Ch 2: Advantages and Limitations of Time- and Time-Frequency-Domain Analysis

This chapter discusses the different categories of analysis and their pros/cons,  some discussion of EEG vs MEG, brain network scales, and brain localization

2.1 Why EEG?

EEG has a high temporal resolution (unlike fMRI), which allows it to capture the cognitive events that occur within in 100s of milliseconds, from activity in the 4-8 hz theta-band oscillations all the way to 30-80 hz gamma band. EEGs also directly measure neuronal activity of populations of neurons, which is very prominent when measuring oscillations. EEG is also multidimensional, as the data compromises information across time, space / location, frequency, and power / strength. 

2.2 Why Not EEG?

EEG is not suited when looking for precise locations, and (generally) isn't suited for deep brain structures. IE it is a bad tool for finding " MEG may be better suited if these are you concerns.

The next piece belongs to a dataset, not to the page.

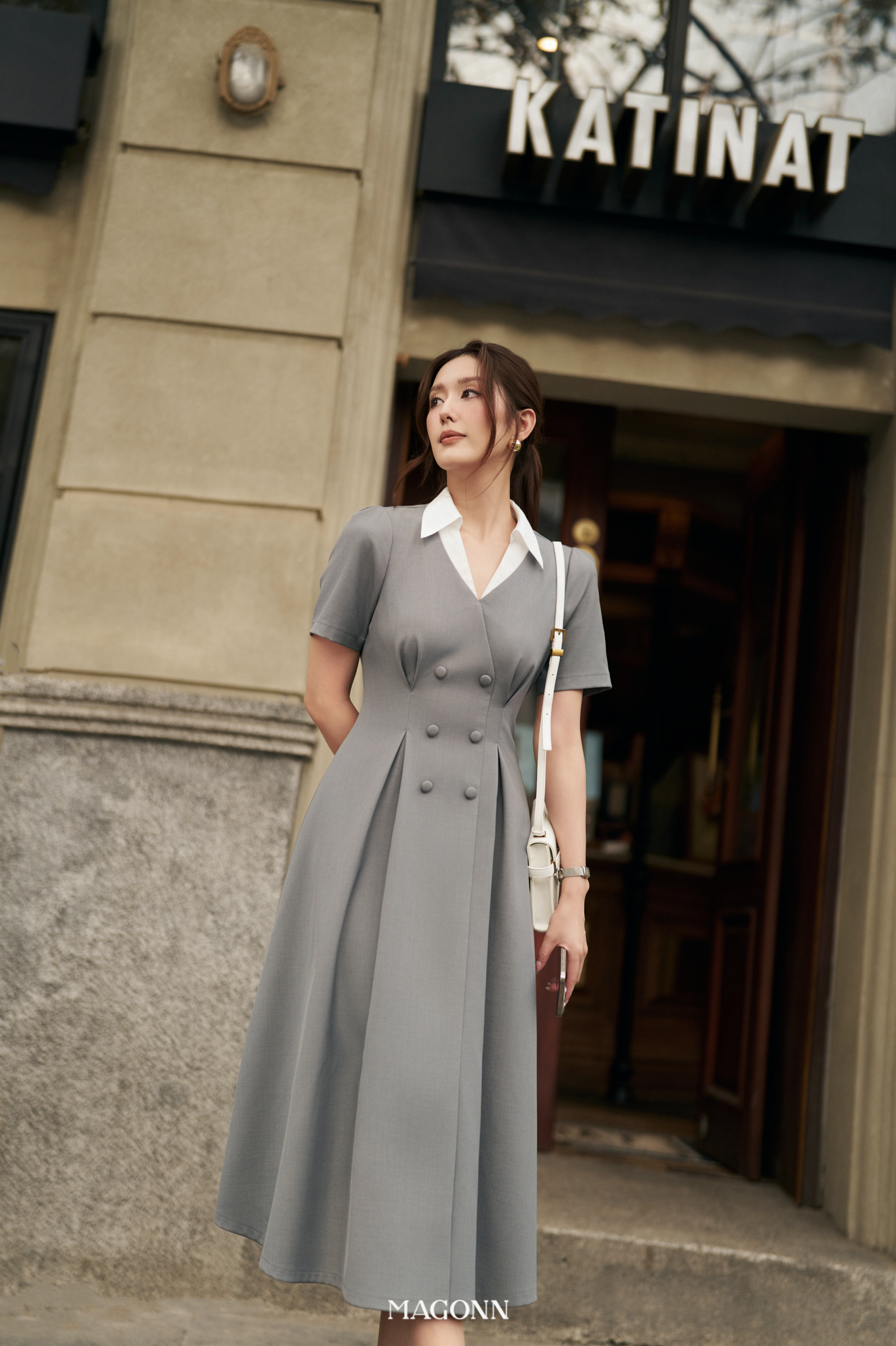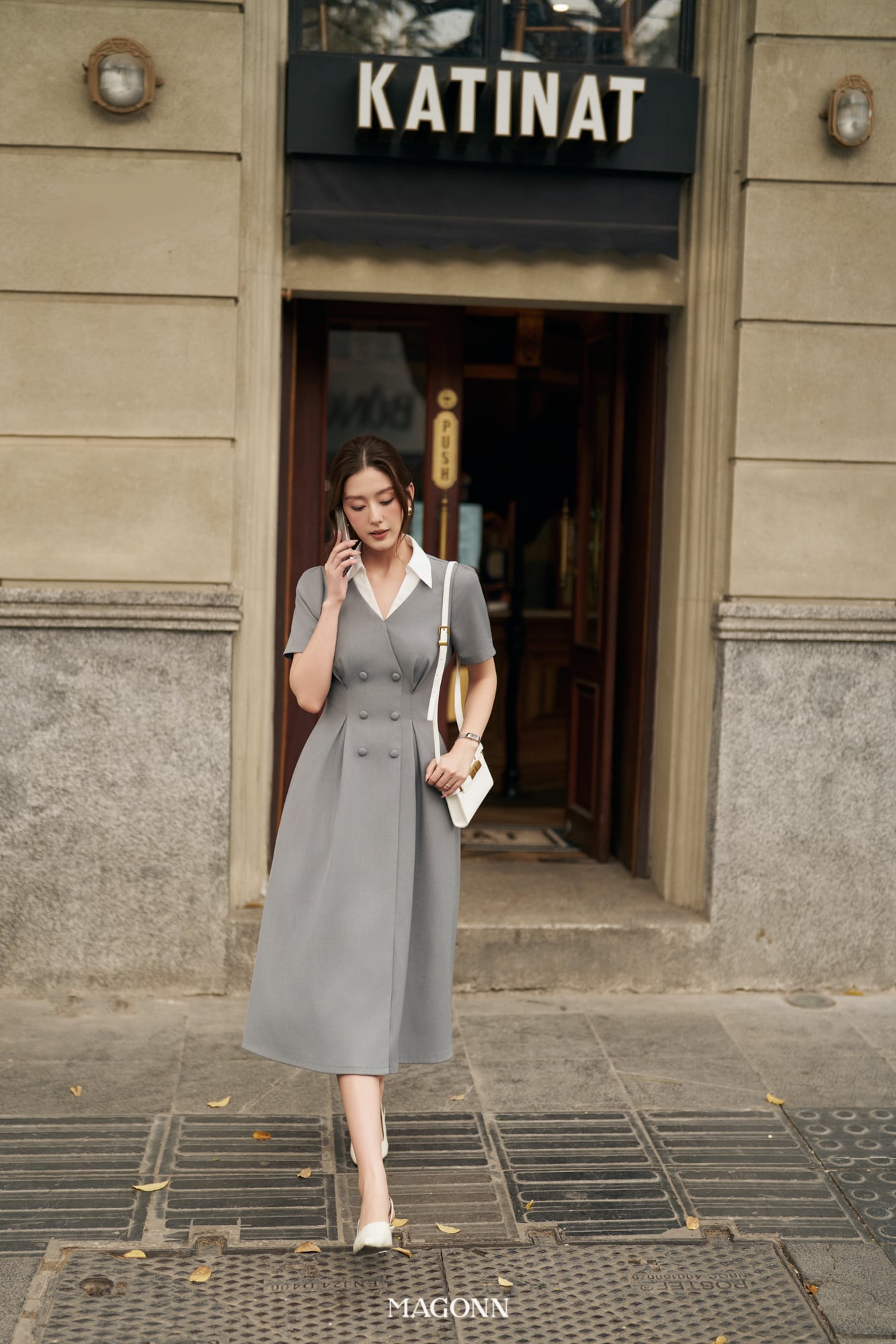 * Kiểu dáng: Váy chiết eo, cổ bẻ, tay ngắn

EEG is likely to be a suboptimal method for any research questions involving "where in the brain does process X occur or is information Y stored"

EEG / MEG are both unsuited if trials of the experiment last longer than a few seconds or if time is highly variable. This makes it poorly suited for complex cognitive task studies, or those concerning social and emotional responses. The lower temporal resolution of fMRI makes it a better fit instead.

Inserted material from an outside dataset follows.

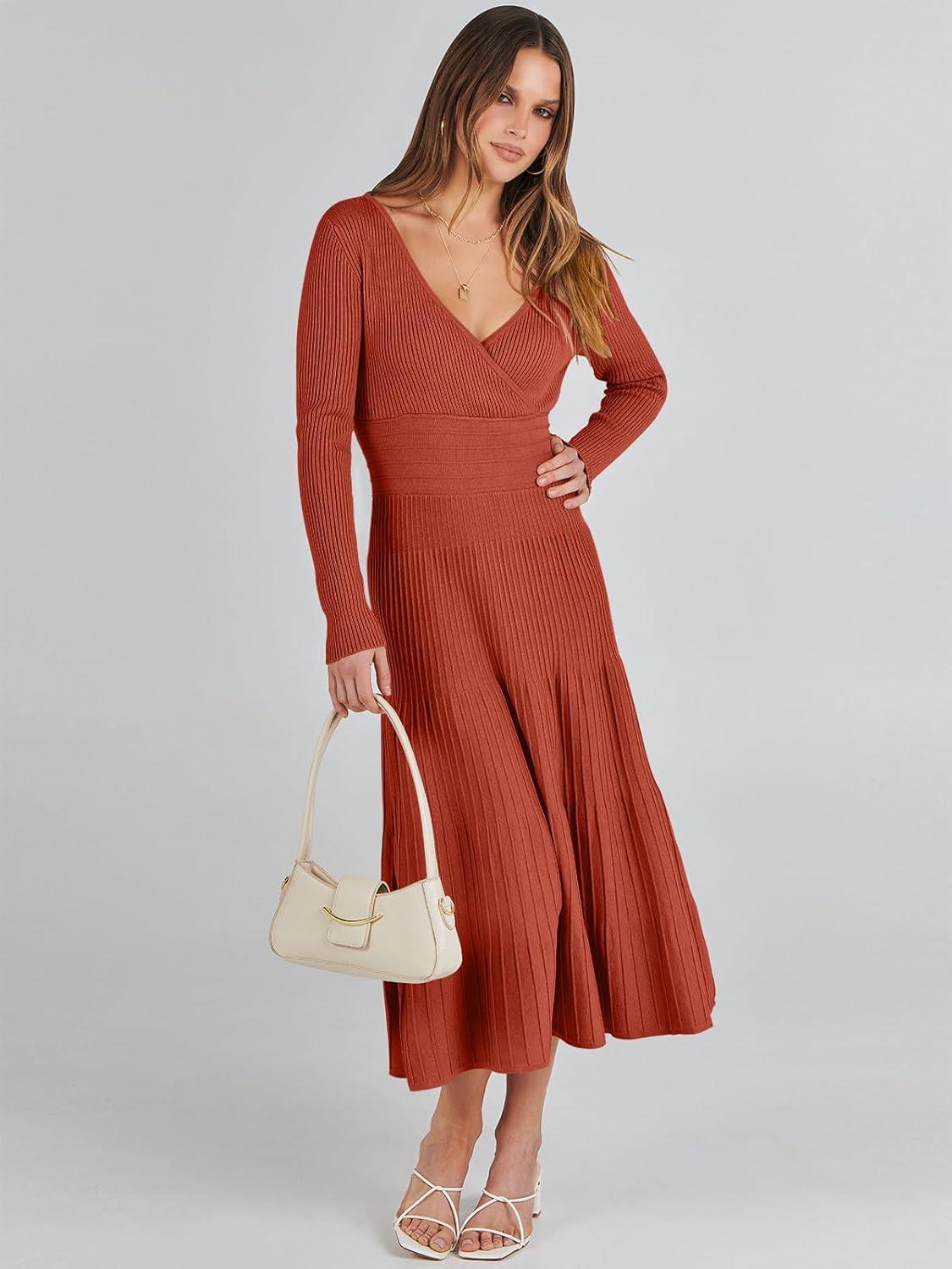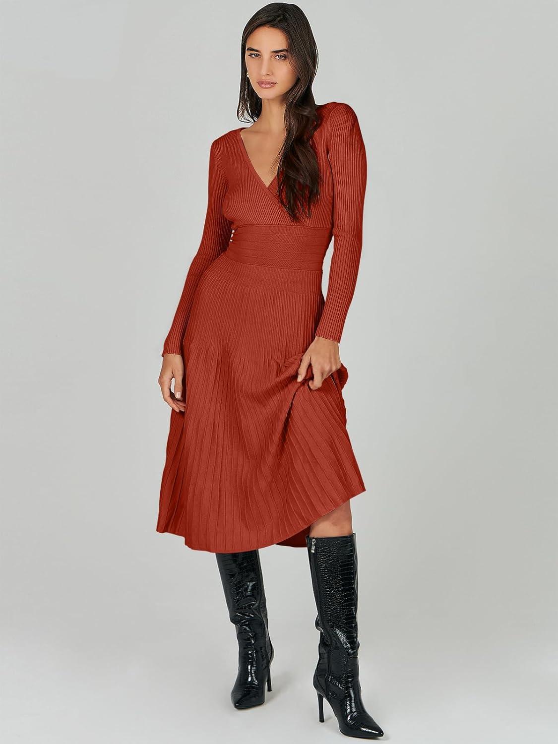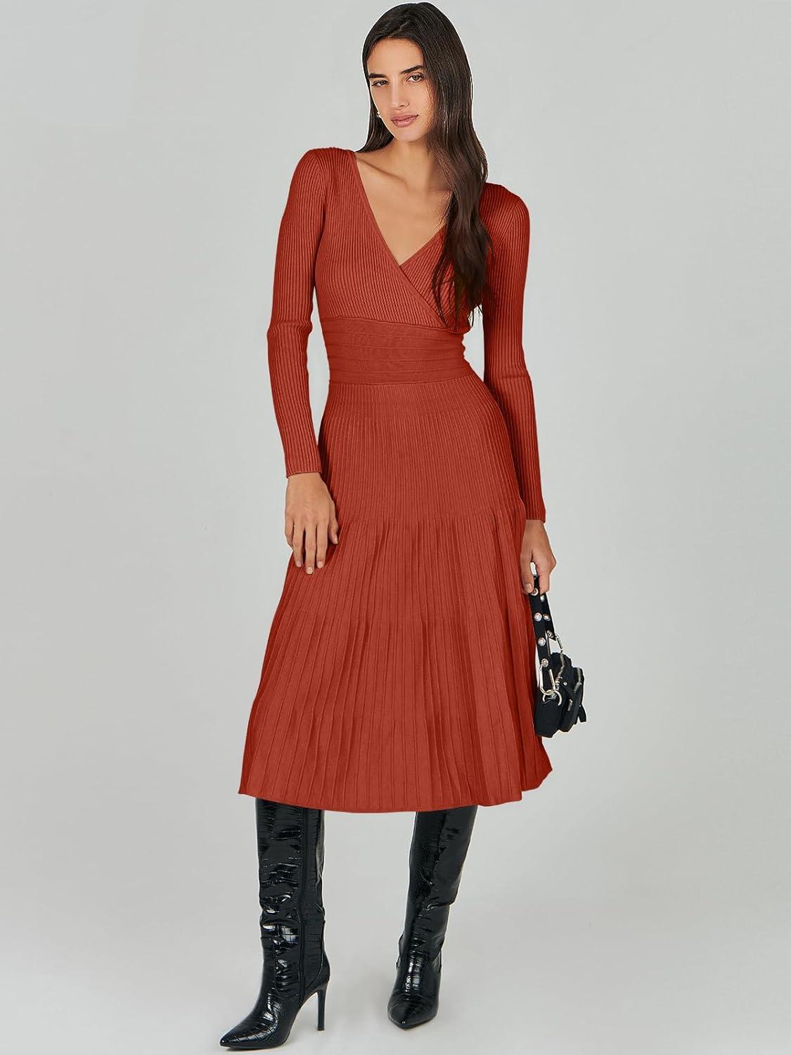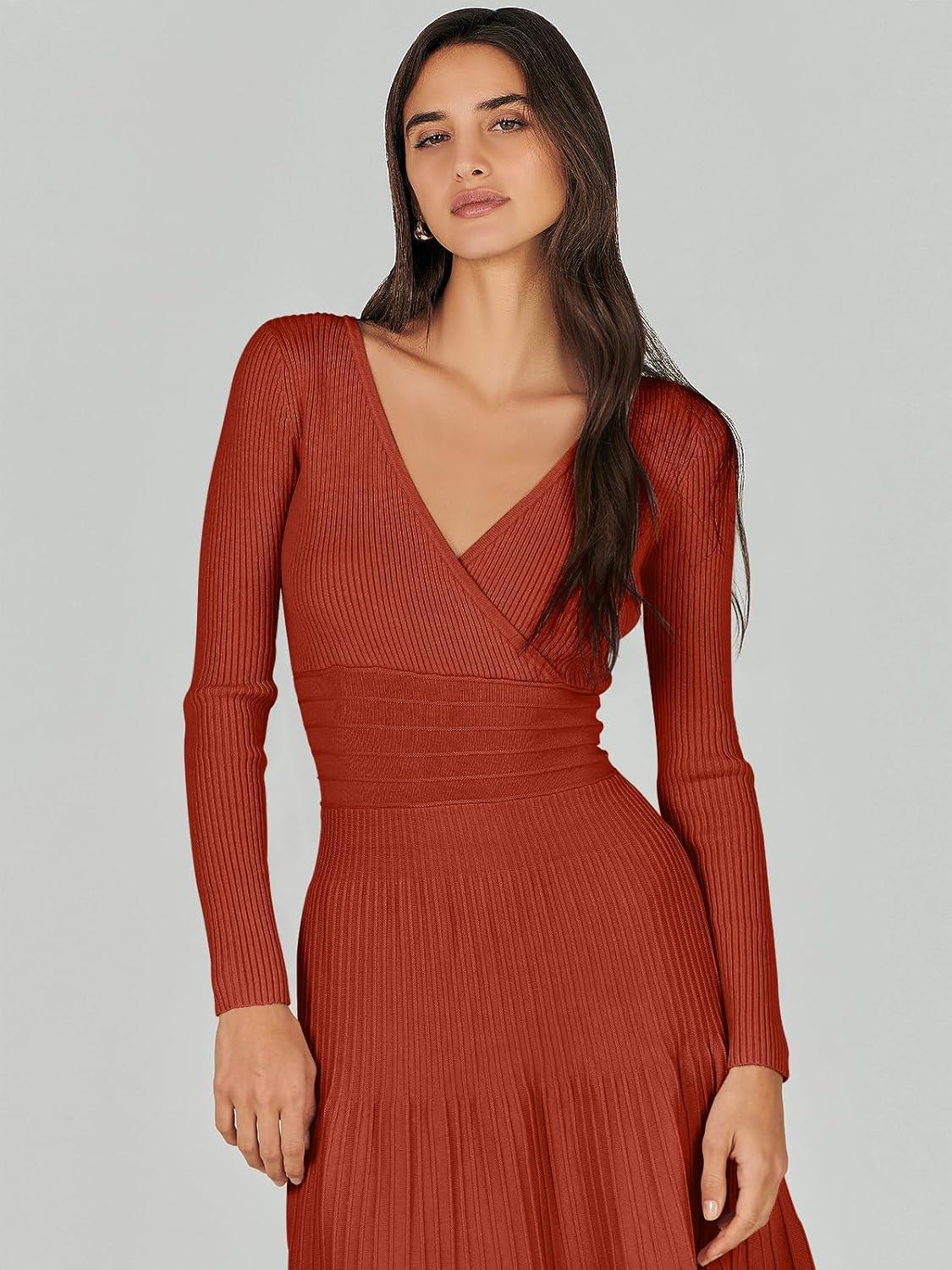 ANRABESS Womens Wrap Midi Sweater Dresses Long Sleeve V Neck Ribbed Knit Bodycon High Waist Pleated A-Line Dress 2025 Trendy(Rust Red)

2.3 Interpreting Voltage Values from the EEG Signal

Measurement of EEG signals is typically microvolts, while with MEG it is femtotesla. For EEG, these absolute microvolt values arent helpful, as they can differ in magnitude due to irrelevant factors such as skull thickness or shampoo used or dipole orientation (similar irrelevant factors exist for MEG). Transformations such as decibel normalization may be preferred instead as then there can be comparisons made between trials.

2.4 Advantages of Event-Related-Potentials
2.5 Limitations of ERPs

ERPs actually reveal rather little data from EEG signal, which makes it difficult to interpret null results (when your experiment finds nothing). ERPs also cannot be averaged with other trials, as it reduces the output to noise. It is also harder to link to physiological mechanisms since the neurophysiological mechanisms that produce ERPs are less understood than those that produce, for example, oscillations.